I remember seeing the food pieces in her tangled hair and feeling slight revulsion and then returning to face my tablemates to whisper about the incident a little, but then return to our daily conversations of the many woes of middle schoolers. That was because incidents like that were not so uncommon, but moreover, it was because that girl was sitting at the “special needs” table. Already in middle school it was normal for us to see violent outbursts from various classmates who were in the special needs classes. And seeing their aides whisk them off behind closed doors to placate them seemed to just feed the idea that these children were meant to be kept separate from the rest of us.

I have a twin sister who has special needs. She is very high-functioning; she can talk with you and read your body language, she can pick up on most subtle cues in conversation like sarcasm and even use it a bit herself. She does not ever have violent outbursts and she has never caused harm to herself or anyone else.

Growing up, at first I accepted without question that my sister had to go to different classes sometimes because she was slightly different from everyone else.
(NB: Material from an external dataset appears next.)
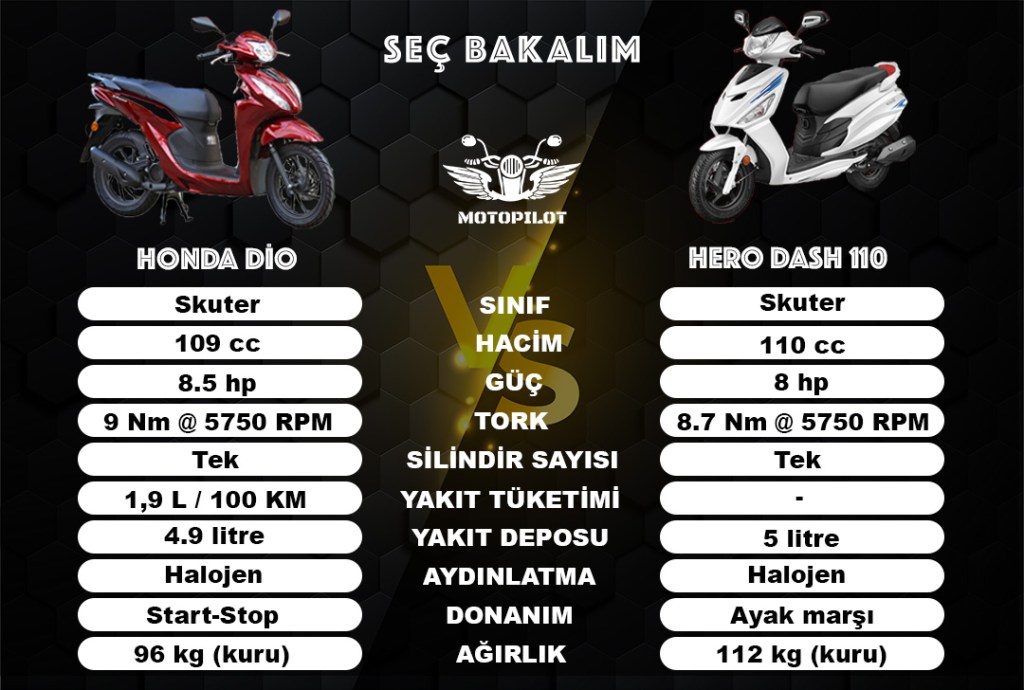 Honda Dio ile yakın rakibi Hero Dash karşılaştırması ile beraberiz.

Then, as we got older and she started to fall behind the class as the material became more complex, I saw her less and less until she only had “special needs classes,” and her classes with everyone from our grade came to an end. But the grownups knew best, and I still got to see her at lunch so I figured it was fine. And then we moved to Georgia.

One day I remember walking by my sister’s classroom and seeing her and a few other of her classmates sitting watching cartoons. Initially I felt jealous that she got to watch cartoons at school. But as she came home more and more often with stories of her day at school filled with one class after the other of just play time and recess, I wondered what she was actually learning. That was when I first started thinking about how my sister’s education might be different from my own and how that might not actually be a good thing. We moved away from Georgia and eventually settled in Wisconsin to finish out high school, and that is where I found my strongest complaint against the education given to children who are deemed to have special needs.

My sister would often complain of how she was scared of the violent outbursts of her classmates, and she even mentioned to my parents that one time one of them yelled at her for singing on the bus to school and tried to rip off her gloves she loved with the tiny bells on them. That was when I started to question why students experiencing problems with anger management are grouped in with students experiencing severe mental and physical handicaps.

A majority of the students in my high school who were experiencing problems with anger management had no physical handicaps and their mental handicaps were mostly due to the stress and depression they were probably trying to deal with. Many of them had terrible experiences at the homes they lived in and families that abused them, or no families at all.

I agree that these students would be able to calm down quicker in places where there are less students, which means perhaps some classes apart from the regular class group in which aides can help find triggers for emotional disturbance. They could then try to help these students overcome them with the goal of someday being able to fully participate within the regular class group again to grow in their social interactions.

But students who have severe physical and/or mental handicaps are not in the same category as students with anger issues and they need different approaches to help them grow. An institution of education, private or public, should strive to adapt their methods to best suit each incoming student as best as they can.

Keeping students who cannot defend themselves in a place with other students who might be easily triggered into violent outbursts is not an environment in which education is the priority. That is an environment in which lazy categorization of saying “they all have problems that keep them from the regular kids so they are all similar,” then actually hurts the chances these children have to learn. How can you learn in class if you are scared of your classmates?